• **DATA**:

────────────────────────────────────────

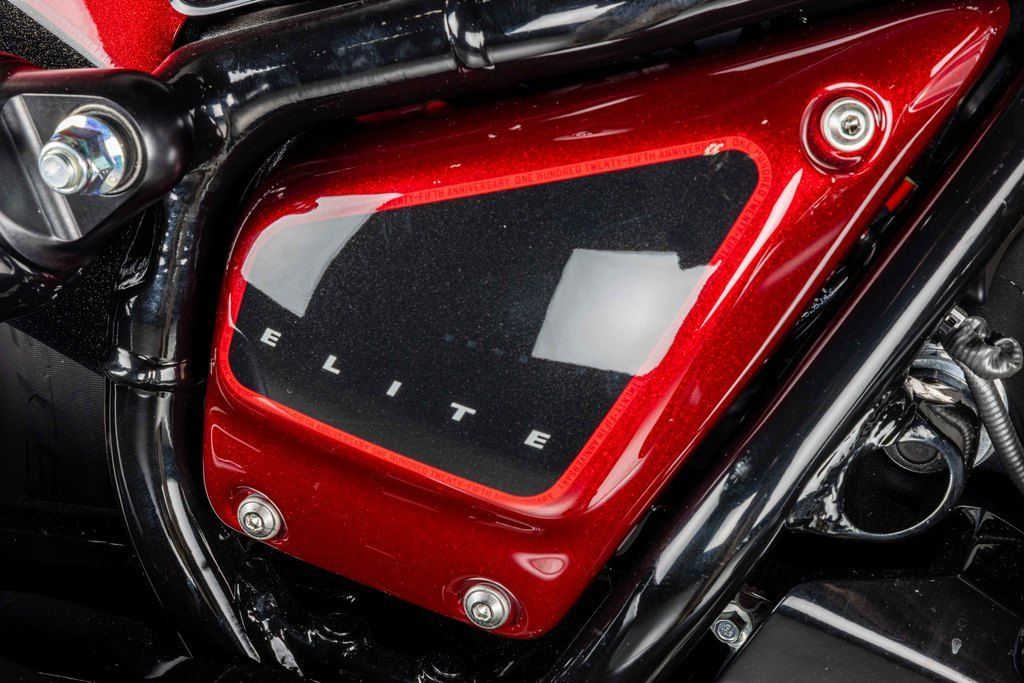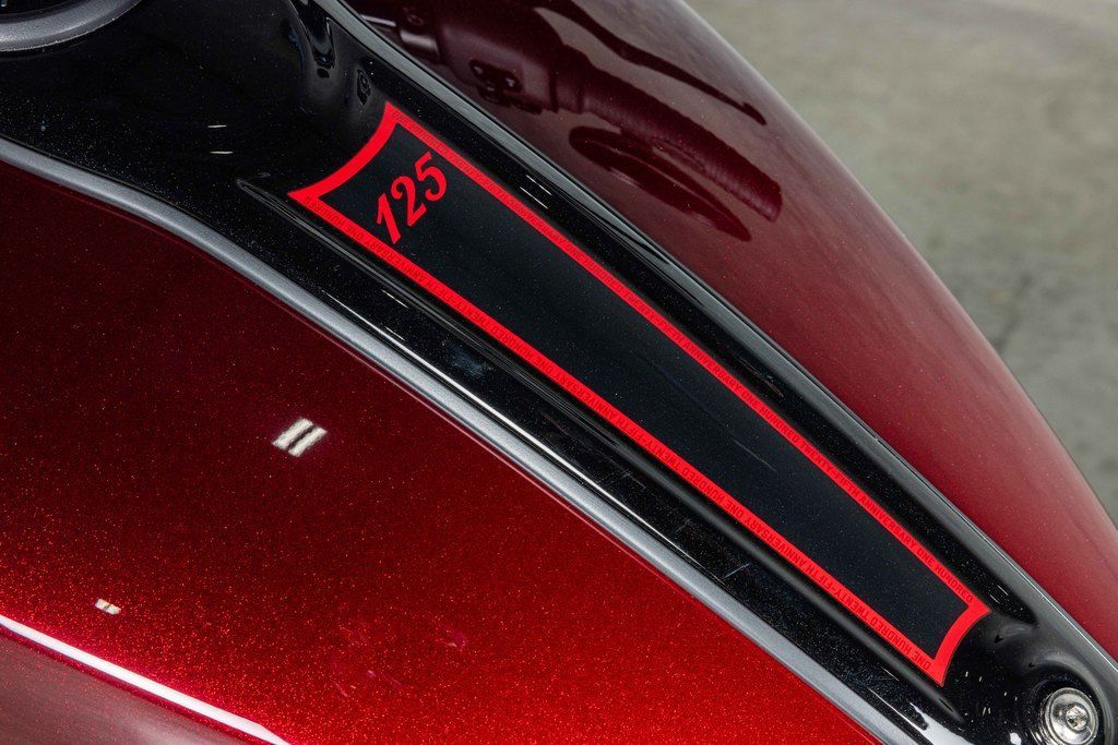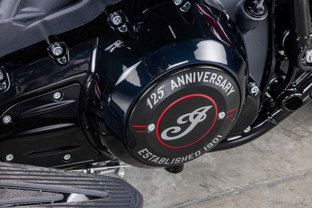 Valanced fenders and an iconic lit headdress, silver engine finishes, vintage floating seat and handlebars adorned with 125th anniversary badging throughout and meticulously hand-painted.
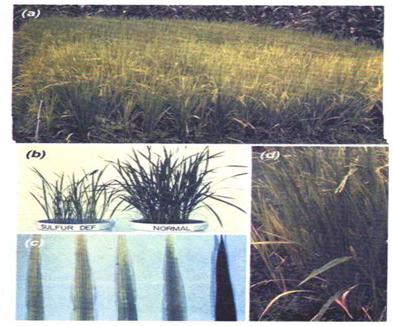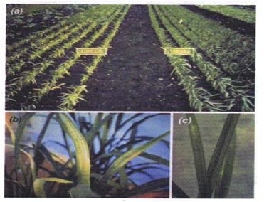 گوگرد (الف) تاج پوشه از دور زرد به نظر ميرسد كه اين به علت زرد شدن برگهاي جوان ميباشد و ارتفاع گياه و پنجهزني كاهش مييابد |
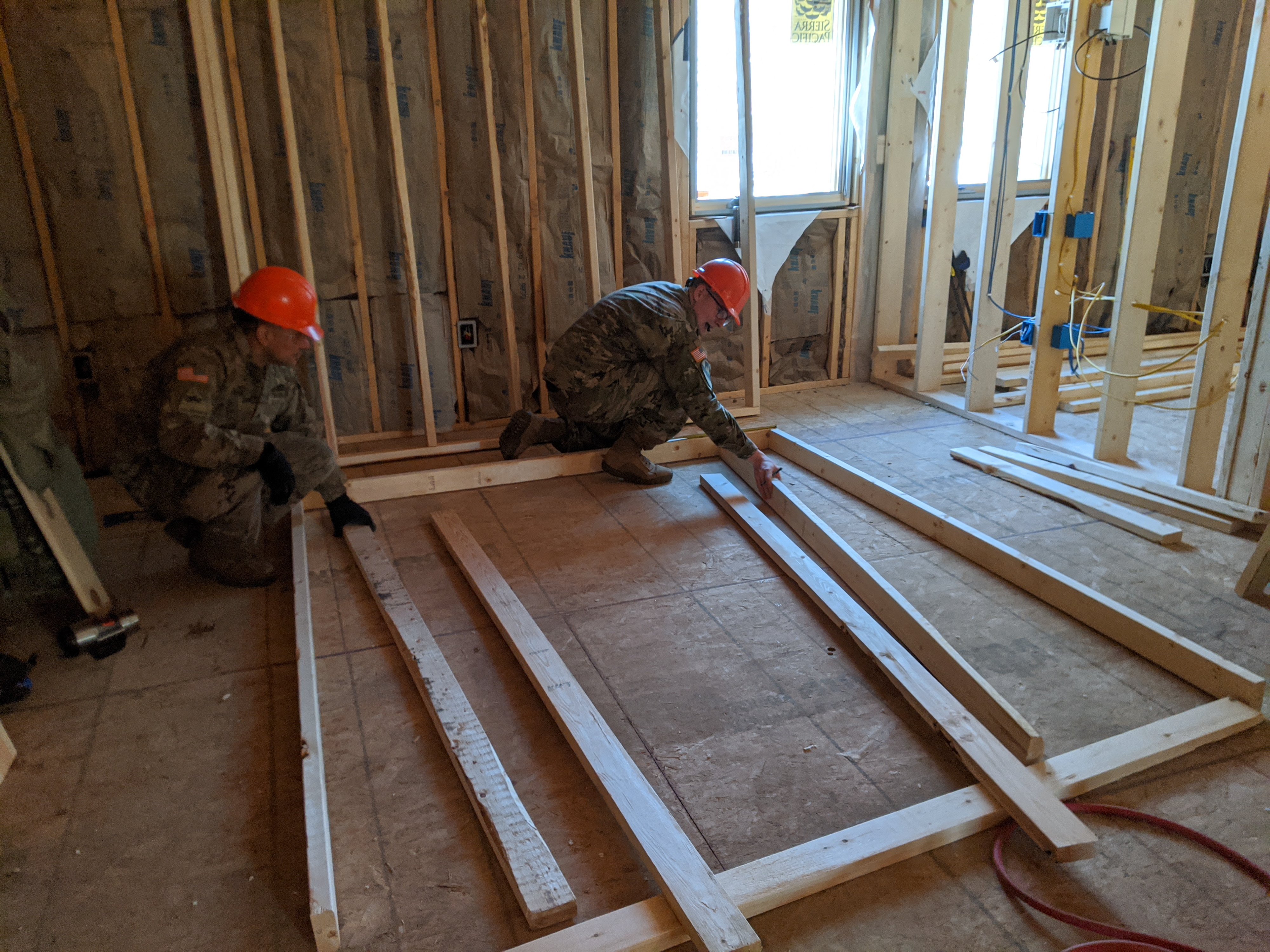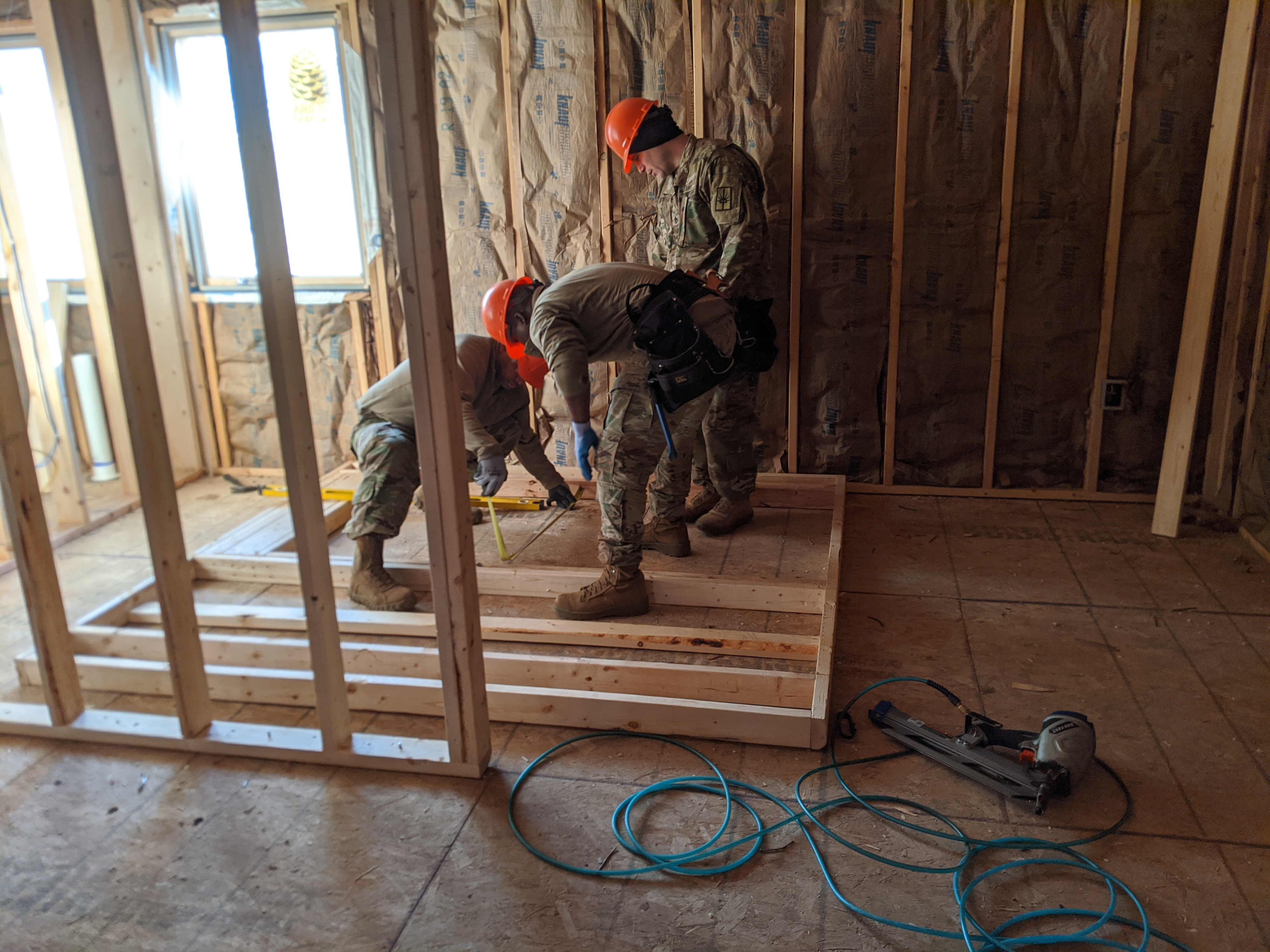 Students with the Construction Engineering Supervisor Advance Leaders Course recently had the opportunity to perform framing tasks on a lodging construction project at Camp Grafton Training Center. Part of the leadership tasks are to schedule next steps in the project in accordance with the construction blueprints and to perform quality control inspections. The course, held at the 164th Regional Training Institute, enables the students to be better equipped to train their squads and assist in directing combat engineer construction missions. Various units in the N.D. National Guard will contribute to the construction of the eight-plexe buildings that will house service members during training.

────────────────────────────────────────

• **EXERCISE PROMPT**:
Leaving out every picture, extract verbatim the lines from the one containing "گوگرد (الف) تاج" through the last line of the listing, inclusive.

• **ANSWER SECTION**:
 گوگرد (الف) تاج پوشه از دور زرد به نظر ميرسد كه اين به علت زرد شدن برگهاي جوان ميباشد و ارتفاع گياه و پنجهزني كاهش مييابد |
 Students with the Construction Engineering Supervisor Advance Leaders Course recently had the opportunity to perform framing tasks on a lodging construction project at Camp Grafton Training Center. Part of the leadership tasks are to schedule next steps in the project in accordance with the construction blueprints and to perform quality control inspections. The course, held at the 164th Regional Training Institute, enables the students to be better equipped to train their squads and assist in directing combat engineer construction missions. Various units in the N.D. National Guard will contribute to the construction of the eight-plexe buildings that will house service members during training.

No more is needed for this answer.